PD: Protectins are biosynthesized via a lipoxygenase-mediated pathway from Docosahexaenoic acid and it is converted into an intermediate that contains 17S-hydroxyperoxide, and successively, by leukocytes, into 10,17 Dihydroxy-docosahexaenoic acid, known as PD1 [162,163] or neuroprotection [164], for its protective role in the nervous and immune systems [165,166]. PD1 is also produced by human peripheral blood lymphocytes with a T-helper 2 phenotype; it reduces tumor necrosis factor alpha and interferon gamma secretion, blocks T-cell migration, and promotes T-cell apoptosis [167].
A novel protectin-synthesis pathway, called aspirin-triggered PD1, utilizes aspirin-triggered cyclooxygenase-2 to synthesize epimeric 17 R-hydroxyperoxide from docosahexaenoic acid [168,169]. It has shown a positive interaction with CB2 and peroxisome proliferator-activated receptor family receptors [164,170].
MaRs: Maresins form the third-largest family of pro-resolving lipid mediators (PRLMs) derived from DHA20. The biosynthesis of maresins occurs primarily in M2 macrophages and is initiated by a reaction involving human macrophage 12-lipoxygenase (12-LOX), which is a key enzyme in the synthesis of maresins [169,171].

4.2. Role of PRLMs in Atherosclerotic Progression

PRLMs such as RvE and RvD, PD, MaR, and LX induce a biochemical transition from inflammation to resolution, taking the place of prostaglandins and leukotrienes in exudates at the tissue level [8,169,172,173]. RvE1-E4 are more prominently involved in reducing inflammation by increasing the efferocytosis of apoptotic cells by macrophages, blocking leukocyte recruitment into inflamed tissues (Figure 4).
Increased plasma levels of RvE1 have been observed in individuals taking aspirin or eicosapentaenoic acid, resulting in the amelioration of the clinical signs of inflammation [74,75]. D-series have been shown to reduce inflammation by decreasing platelet–leukocyte adhesion [174].
Protectins reduce polymorphonuclear neutrophil transmigration through endothelial cells and enhance the clearance (efferocytosis) of apoptotic polymorphonuclear neutrophils by human macrophages [170].

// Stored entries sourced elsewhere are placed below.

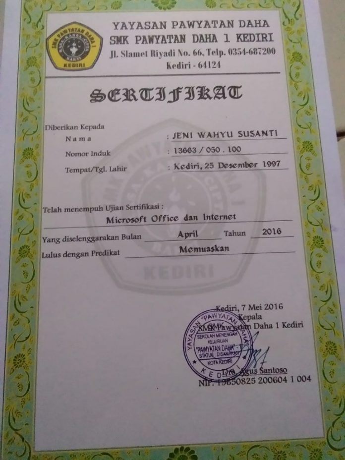 Tidak hanya itu, Jeni juga memiliki setifikat dan surat keterangan ketrampilan mengoperasikan komputer dari lembaga tempat Jeni magang dalam Praktek Kerja Lapangan (PKL).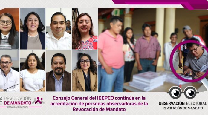 Este viernes, el Consejo General del Instituto Estatal Electoral y de Participación Ciudadana de Oaxaca (IEEPCO), en Sesión Extraordinaria Urgente, aprobó un cuarto bloque de acreditaciones de personas ciudadanas registradas para participar como observadoras en la Jornada de Revocación de Mandato, que se llevará...
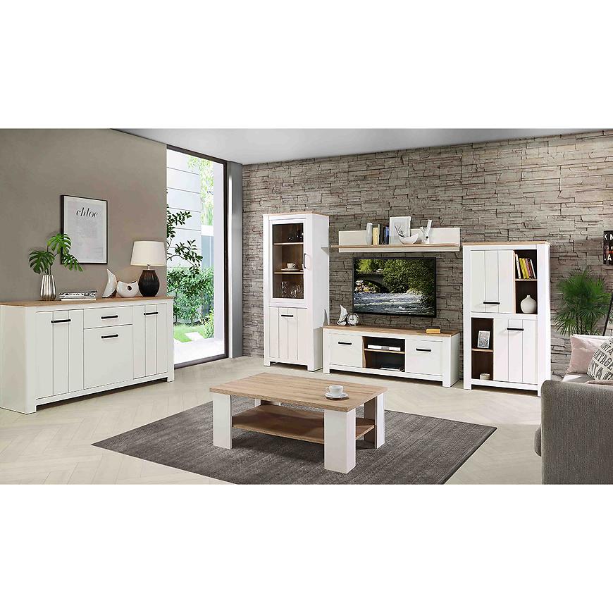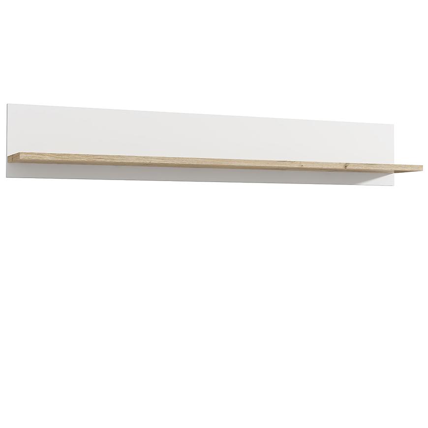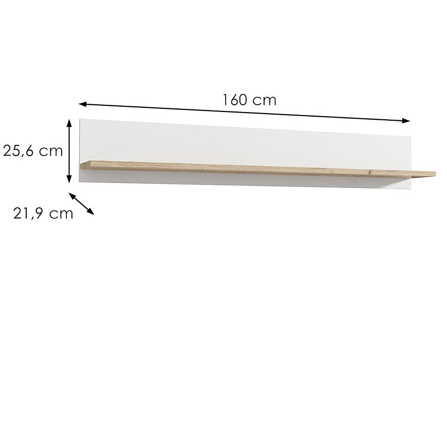 Kolorystyka: Półka utrzymana jest w biało-matowym wykończeniu, które współgra z dębowym bianco wybarwieniem, tworząc ciepły i przyjazny dla oka kontrast. Taka kolorystyka sprawia, że półka doskonale komponuje się z różnorodnymi aranżacjami wnętrz, wprowadzając do nich świeżość i nowoczesność.

Maresins were identified as molecules produced by macrophages with homeostatic functions in resolving inflammation. In fact, the macrophage phagocytosis of apoptotic cells triggers the biosynthesis of maresin-1 [175]. Maresin-1 stimulates efferocytosis with human cells and also has regenerative functions [176]. Finally, LXA4 and B4 exert potent anti-inflammatory and resolution actions [110].

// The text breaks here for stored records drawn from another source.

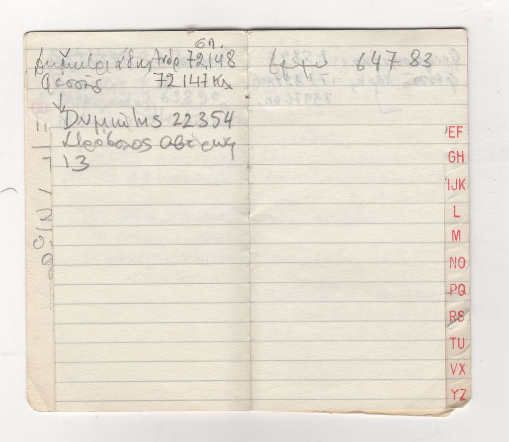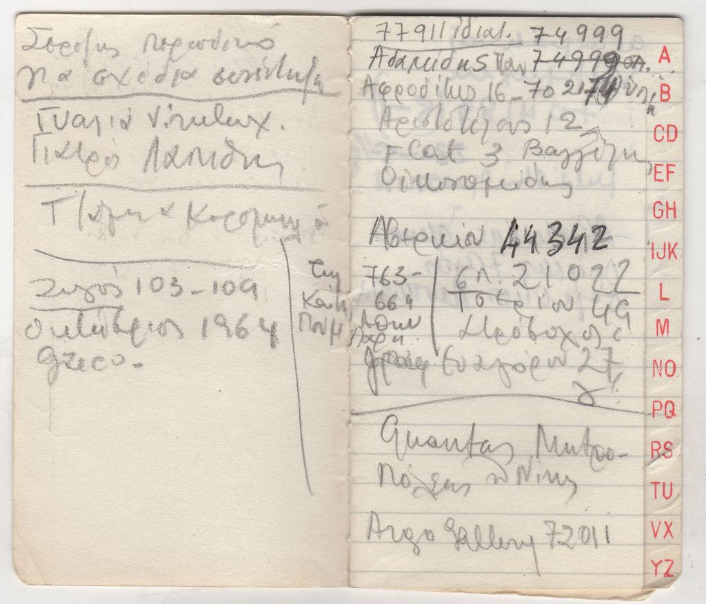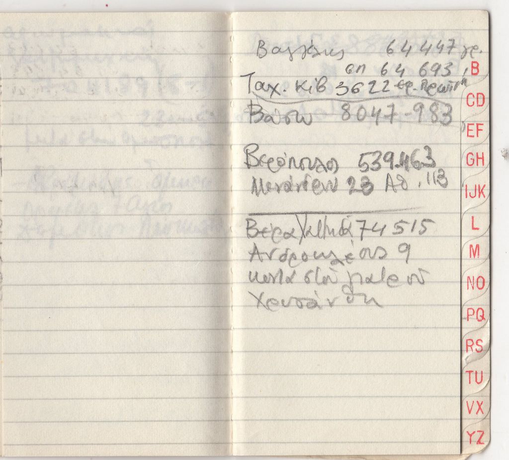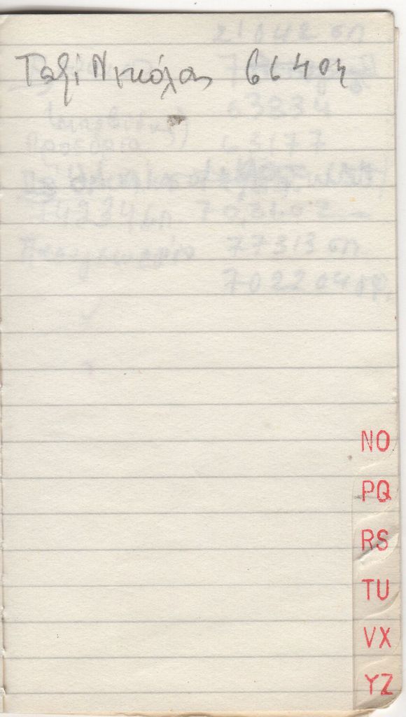 Τηλεφωνική ατζέντα, χαρτί, 10×6 εκ., με χειρόγραφες σημειώσεις, στα ελληνικά.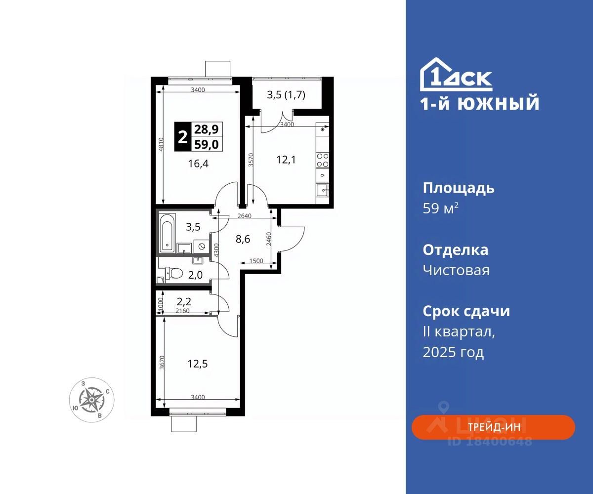 Особенности: - Квартира доступна к покупке в Trade-In. - Просторная спальня, в которой можно разместить большую кровать. - Линейная планировка - максимальная функциональность и удобство. - Раздельный санузел - Гостевой санузел - комфорт и удобство для ваших гостей. - Просторная мягкая зона - комфорт и уют для отдыха всей семьи. - Возможность добавить спальное место - дополнительный комфорт для гостей. - Просторная кухня - место для семейных ужинов и кулинарных экспериментов. - Ограниченное количество квартир на этаже - комфорт и уют без лишней суеты. - Гардеробная - удобство для хранения и организации вещей. - Ниша под шкаф - компактное и удобное место для вещей. - Лоджия - уютное место для отдыха и тишины. - Вид из окна: улица - МЦД5 в пешей доступности - Квартал с южным садом - Свои 3 детских сада и 2 большие школы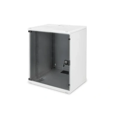 DIGITUS network cabinet 19 inch rack 12 U Unassembled Wall mounting 400 mm depth Load capacity 60 kg Glass door SOHO series Grey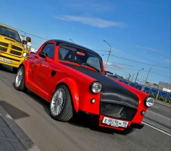 Начнем с Москвичей.. Вот вариант на базе 400-го..сразу заметно, что он шире оригинала, и в этом его шарм уже, плюс большие колеса.. и выглядит эффектно!)

Temporal changes in the expression, activity, and localization of enzymes such as 4- and 15-lipoxygenases (LOXs) appear to activate the “switch” responsible for the resolution actions [173,177,178]. Consequently, PRLMs coordinate crosstalk between leukocytes and local cell populations, promoting an M1–M2 phenotypic transition in macrophages, which is central to tissue repair. PRLMs further promote resolution by positive-feedback effects on LOX activity and their receptor expression in leukocytes [177,178,179,180]. Data from murine and rabbit models showed that pro-resolving lipid mediators decrease atheroprogression and promote plaque stability [18,172,180,181].

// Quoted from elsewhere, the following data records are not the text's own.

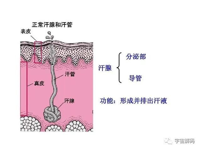 只要温度超过了30℃,人体内的汗腺就开始工作,看上去它就像盘曲成团的小管,分布在皮肤里面,表面就有细微的毛孔。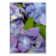 Drei Hydrangeas zeigen viele Schatten des Blaus in diesem hübschen, Blumenbild an, digitalisiert wie eine "Ölmalerei". Mit zusammenpassenden Briefmarken.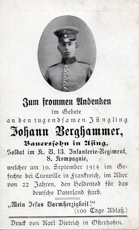 Über den Todestag und die Todesumstände von Johann Berghammer berichtet die Regimentsgeschichte des 13. bayerischen Infanterie-Regiments: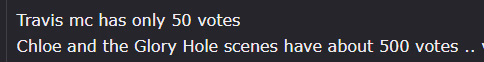 Oh, almost forgot, i hope, GDS i told you once before, but i also beg you now, dont make Travis' dick the up to chest-length. in FF his dick was perfect before the 2 last updates, but for some reason increased x3 times in tDA.
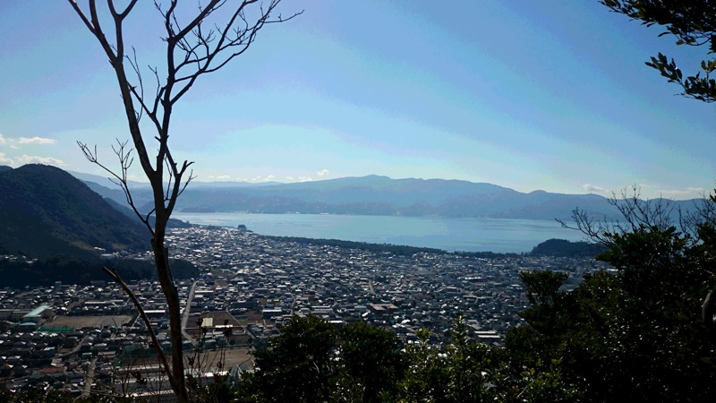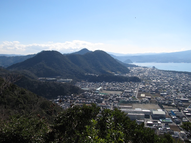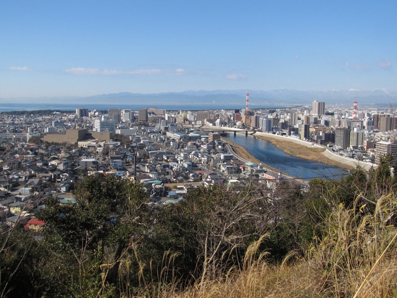 沼津アルプスへは7回来ているけれど香貫山に登ったのは初めて。これは山頂手前の香稜台(五重塔があります)から見た狩野川(最後左に大きく曲がって沼津港に向かいます)。右奥に白い山が見えています。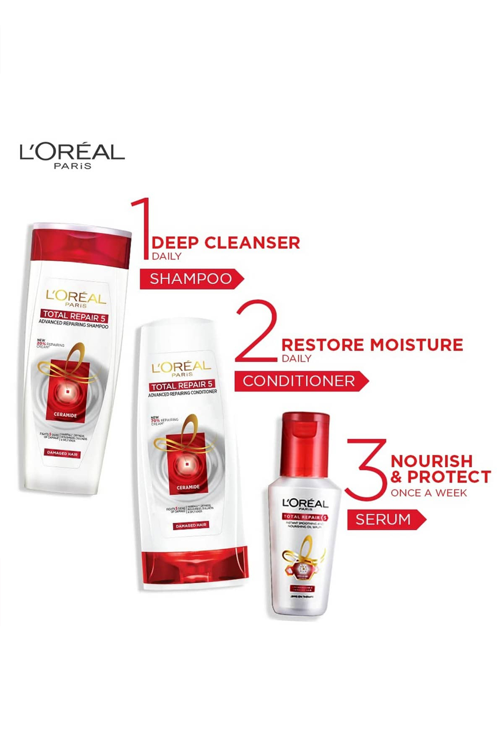 This Combo Includes :1. L'Oreal Paris Total Repair 5 Shampoo, 650 mlDermatologically Tested  2. L'Oreal Paris Total Repair 5 Conditioner, 180 mlDermat...

Alternatively a relative “resolution deficit” may contribute to disease progression or limit clinical responses to existing therapies and would therefore suggest opportunities for monitoring and/or treatments that incorporate lipid mediators [74,179,181,182,183]. In fact, circulating levels of PRLMs, in particular 15-epi-lipoxin A4 (15-epi-LXA 4), were significantly lower in individuals with peripheral arterial disease and correlated inversely with disease severity [74,76](see Table 2).
In situations such as restenosis, and other pathological reactions secondary to interventions, characterized by high levels of IL-6 and other inflammatory cytokines, augmented levels of PRLMs could limit harmful arterial reactions and restenosis. An imbalance between proinflammatory and resolving factors may decide the evolution of atherosclerotic disease [3].
There is also favorable data regarding the antithrombotic activity of Maresin 1. In fact, it promotes the hemostatic function of human platelets, but suppresses the inflammatory activity, suggesting its important role in the resolution of thrombotic events [184]. At sites of thrombosis or injury, platelet–neutrophil interaction gives rise to the biosynthesis of PRLMs such as MaR1 which induce resolution [185].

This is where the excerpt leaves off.